Work instructions: From the listing below, give again exactly the lines from the line with "A third section" to the line with "Mit der Simplytrain", ends included, without any pictures.

──────── Records for the exercise

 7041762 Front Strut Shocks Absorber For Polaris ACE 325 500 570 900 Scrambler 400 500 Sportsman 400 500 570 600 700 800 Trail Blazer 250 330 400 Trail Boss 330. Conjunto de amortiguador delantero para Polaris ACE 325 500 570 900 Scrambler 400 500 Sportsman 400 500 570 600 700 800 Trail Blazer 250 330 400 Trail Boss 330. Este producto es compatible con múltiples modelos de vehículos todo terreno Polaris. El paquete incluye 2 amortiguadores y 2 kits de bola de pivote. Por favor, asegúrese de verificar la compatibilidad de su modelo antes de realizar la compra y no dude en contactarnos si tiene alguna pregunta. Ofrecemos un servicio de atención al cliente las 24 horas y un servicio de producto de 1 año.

────────────────
──────── Records for the exercise

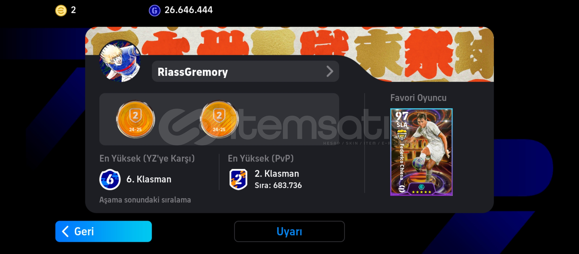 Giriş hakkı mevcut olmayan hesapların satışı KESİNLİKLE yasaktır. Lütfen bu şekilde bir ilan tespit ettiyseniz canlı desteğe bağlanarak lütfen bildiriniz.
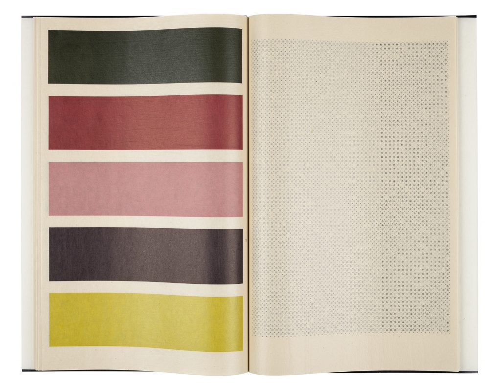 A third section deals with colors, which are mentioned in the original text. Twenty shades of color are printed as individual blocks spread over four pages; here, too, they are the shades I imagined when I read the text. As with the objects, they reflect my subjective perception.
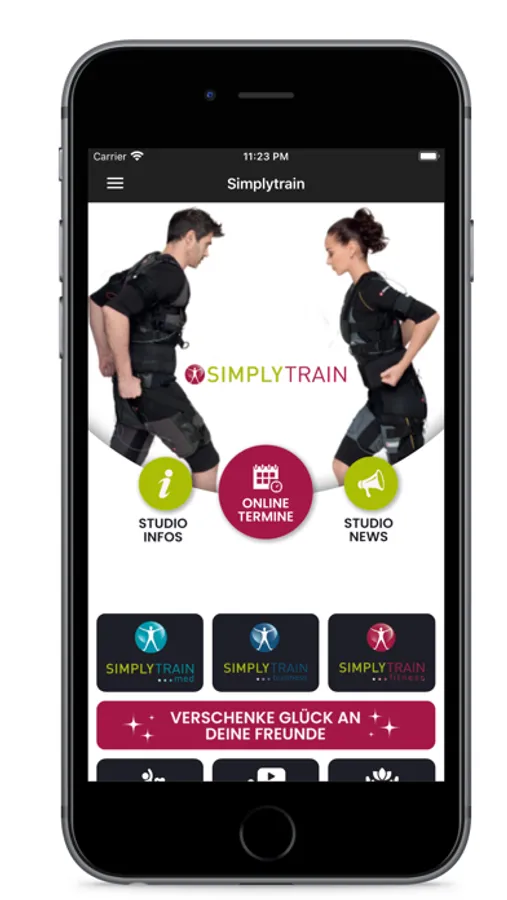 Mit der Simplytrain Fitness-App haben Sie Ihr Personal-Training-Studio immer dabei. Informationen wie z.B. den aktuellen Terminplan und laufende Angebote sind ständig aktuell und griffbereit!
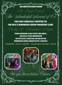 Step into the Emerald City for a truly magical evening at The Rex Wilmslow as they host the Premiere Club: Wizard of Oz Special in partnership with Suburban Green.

────────────────
──────── Records for the exercise

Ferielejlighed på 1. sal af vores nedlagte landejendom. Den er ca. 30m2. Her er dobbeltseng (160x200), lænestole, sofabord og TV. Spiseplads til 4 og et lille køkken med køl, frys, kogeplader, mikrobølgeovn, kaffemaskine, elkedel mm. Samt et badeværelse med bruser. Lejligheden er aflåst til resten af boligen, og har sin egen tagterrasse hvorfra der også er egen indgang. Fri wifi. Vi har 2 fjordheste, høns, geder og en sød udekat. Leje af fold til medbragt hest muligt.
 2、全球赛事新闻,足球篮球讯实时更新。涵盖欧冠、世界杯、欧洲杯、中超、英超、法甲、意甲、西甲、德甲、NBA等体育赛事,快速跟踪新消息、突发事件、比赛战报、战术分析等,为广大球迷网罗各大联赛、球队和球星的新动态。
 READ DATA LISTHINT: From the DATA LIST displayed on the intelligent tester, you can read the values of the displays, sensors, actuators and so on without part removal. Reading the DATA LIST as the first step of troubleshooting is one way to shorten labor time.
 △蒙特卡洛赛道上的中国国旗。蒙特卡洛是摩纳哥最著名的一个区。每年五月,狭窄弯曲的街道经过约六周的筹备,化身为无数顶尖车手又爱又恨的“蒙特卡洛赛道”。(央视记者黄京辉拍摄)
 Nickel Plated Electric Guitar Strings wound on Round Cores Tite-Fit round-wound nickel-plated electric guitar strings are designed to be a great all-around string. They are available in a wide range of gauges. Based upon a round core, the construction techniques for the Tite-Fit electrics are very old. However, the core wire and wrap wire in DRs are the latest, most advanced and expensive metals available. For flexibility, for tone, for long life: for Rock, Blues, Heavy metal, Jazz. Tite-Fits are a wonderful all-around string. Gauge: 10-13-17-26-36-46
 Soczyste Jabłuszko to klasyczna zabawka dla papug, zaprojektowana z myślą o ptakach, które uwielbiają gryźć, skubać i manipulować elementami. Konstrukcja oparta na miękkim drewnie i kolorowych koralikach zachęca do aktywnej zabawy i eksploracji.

────────────────

Written answer:
 A third section deals with colors, which are mentioned in the original text. Twenty shades of color are printed as individual blocks spread over four pages; here, too, they are the shades I imagined when I read the text. As with the objects, they reflect my subjective perception.
 Mit der Simplytrain Fitness-App haben Sie Ihr Personal-Training-Studio immer dabei. Informationen wie z.B. den aktuellen Terminplan und laufende Angebote sind ständig aktuell und griffbereit!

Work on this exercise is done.